What is Data Science ?

Data Science is a branch of science that takes 'Data' as subject of the science.

I know you don't like this definition :) and this definition would not give you any clear understanding of Data Science.

Before we try to understand 'Data Science', let's think of 'What is Science ?'.

Following is the first line of definition of Science from Wikipedia.


Science (from Latin scientia, meaning "knowledge") is a systematic enterprise that builds and organizes knowledge in the form of testable explanations and predictions about the universe.  


If you replace the term 'universe' with the term 'Data', I think it can be a pretty accurate formal definition of the data science.


Science (from Latin scientia, meaning "knowledge") is a systematic enterprise that builds and organizes knowledge in the form of testable explanations and predictions about the Data.  


It may sound pretty accurate, but I know you don't like this definition either. It is too dry.. and it doesn't sound practical to me.
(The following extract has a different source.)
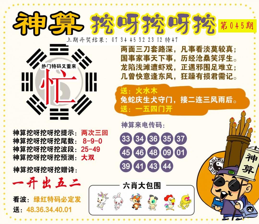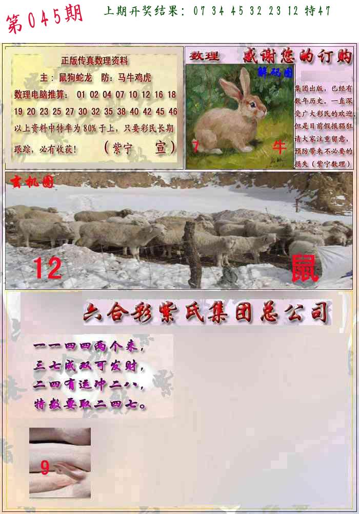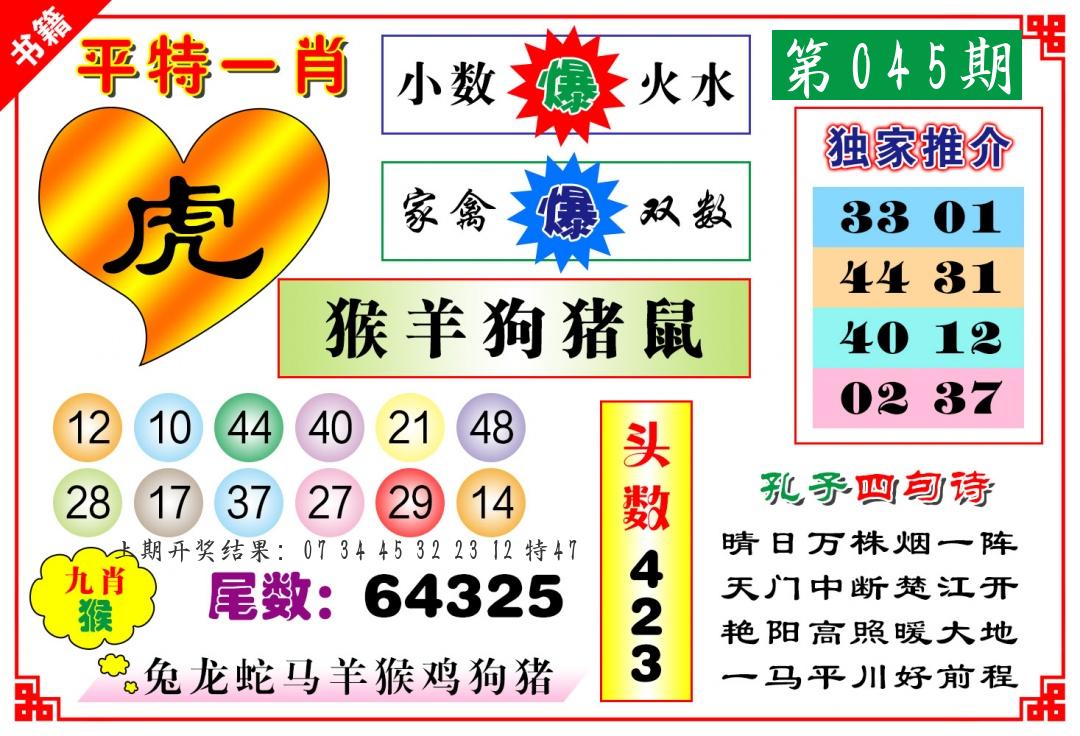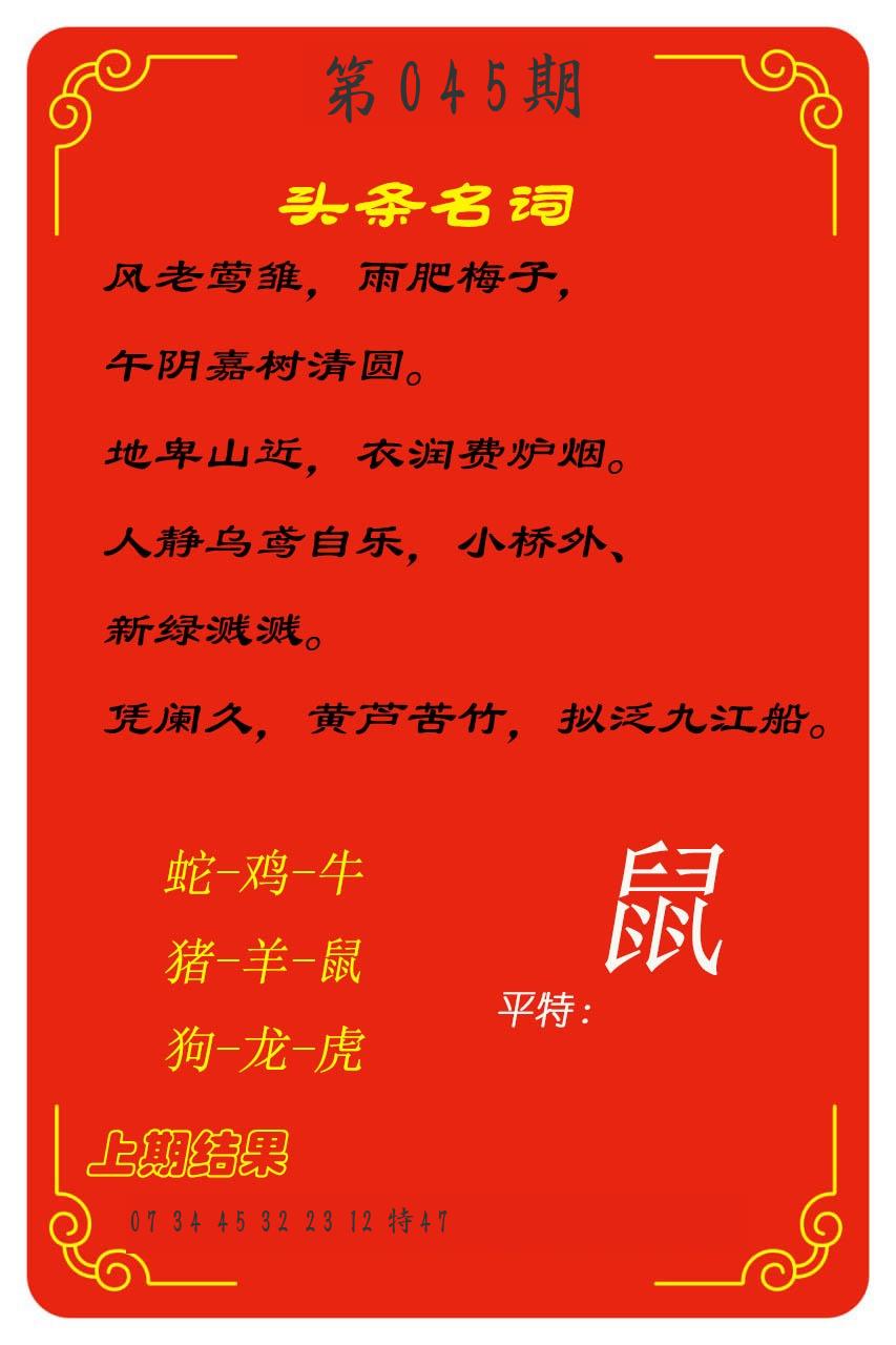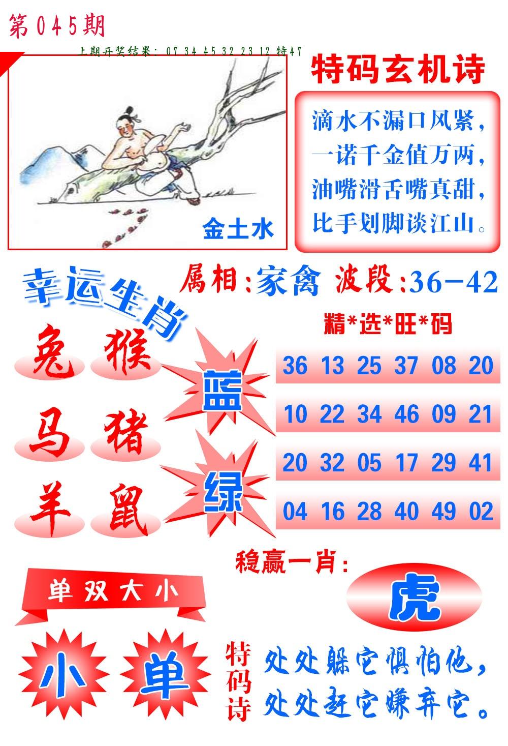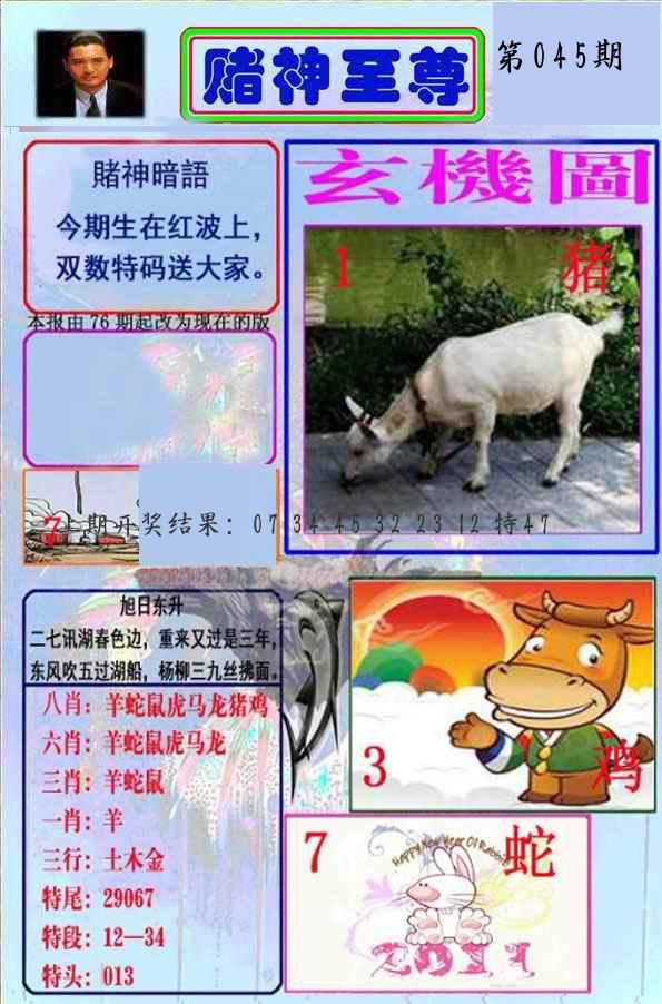 | 045期推荐七肖: 鸡牛兔虎龙猪鼠 -平均压 |
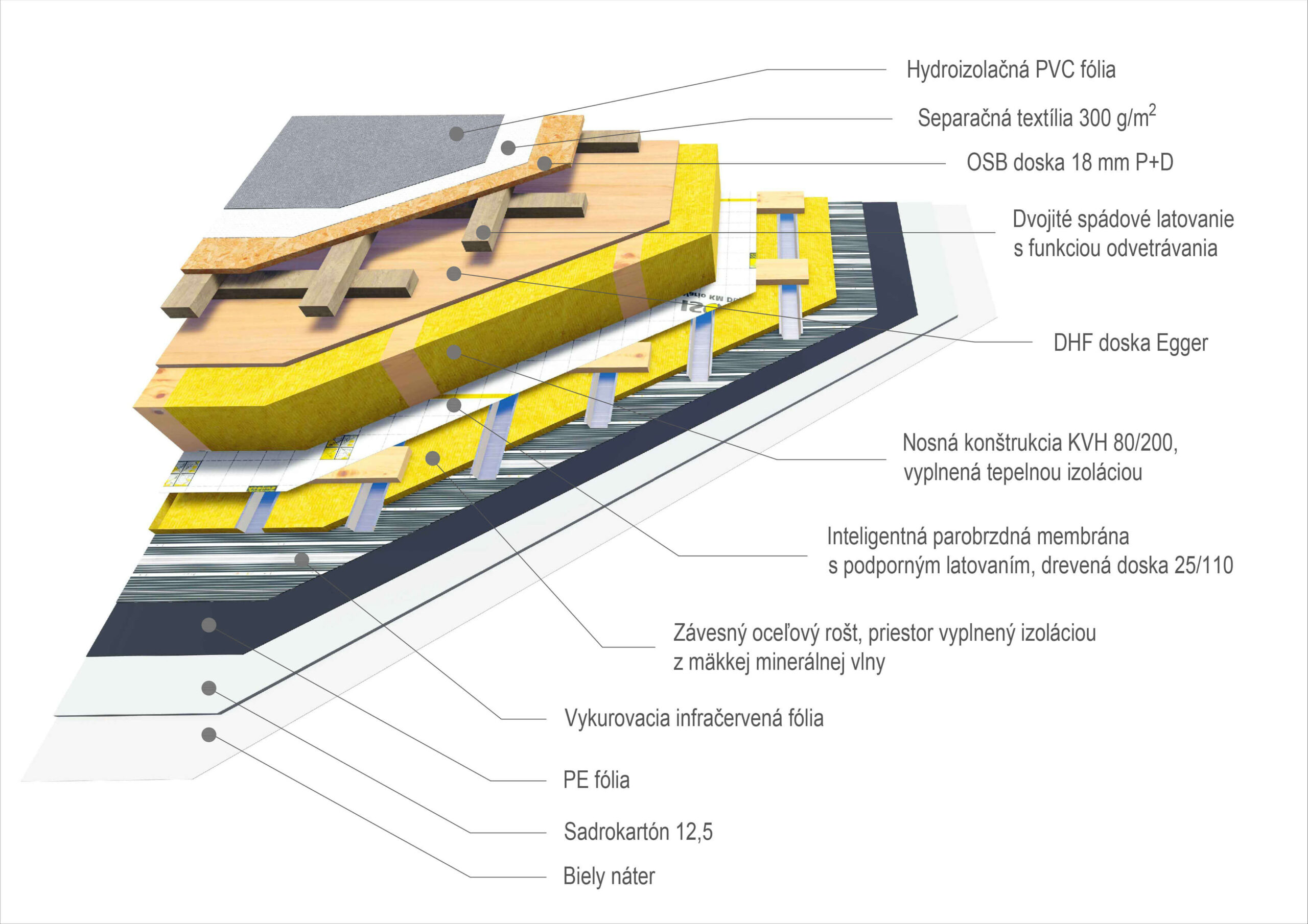 strecha - PVC fólia s okrajovým poplastovaným oplechovaním; odvodňovací systém

However, if you want to define any terminology in practical sense, usually we may end up with the description that 'sound easy' but 'can be interpreted in too many different ways'. If you ask ten people to define 'Data Science' in practical sense, you might have ten different definition. But if you just put the ten different definition into your brain and keep it for some time, your brain would come up with 'some kind of understanding' on its own even though you may not be able to express it in your own words. Or just watch all the video listed below and if possible search a couple of more videos you can search from YouTube, you will have some form of understanding and I think your understanding will be correct whatever it is.


Following  is my personal understanding of 'Data Science' after watching all the videos linked below.


In usual data analysis that we have done, we are give a certain set of data (usually structured data that is stored in a well defined format, like data base table). and we are also given a predefined 'question' (analysis target) we need to find the answer from the data. and in most case the methods/techniques for the analysis is known in advance.


On the contrary, in Data Science we are given a set of data (usually Big Data) and we don't even know what kind of questions we need to ask about the data.. and in many case we don't know what kind of methodology we have to use. So in many case of Data Science, 'making a question (finding 'what to ask') is the first thing we have to do' and then we have to figure out 'what kind of methodology we need to find the answers to the question'. It is like Scientist do in other scientific area.


This is a little bit of risky definition (you may not agree with this definition), but if you push me to find more practical definition... I would say 'Data Science' is just a marketting term that become popular as another marketting term 'Big Data' gets attention from many people. As you may see in Big Data page, the conventional technology would not work very well with Big Data and we need to find new knowledge and methodology to analyze those Big Data and those new knowledge/technology tend to be called as 'Data Science'.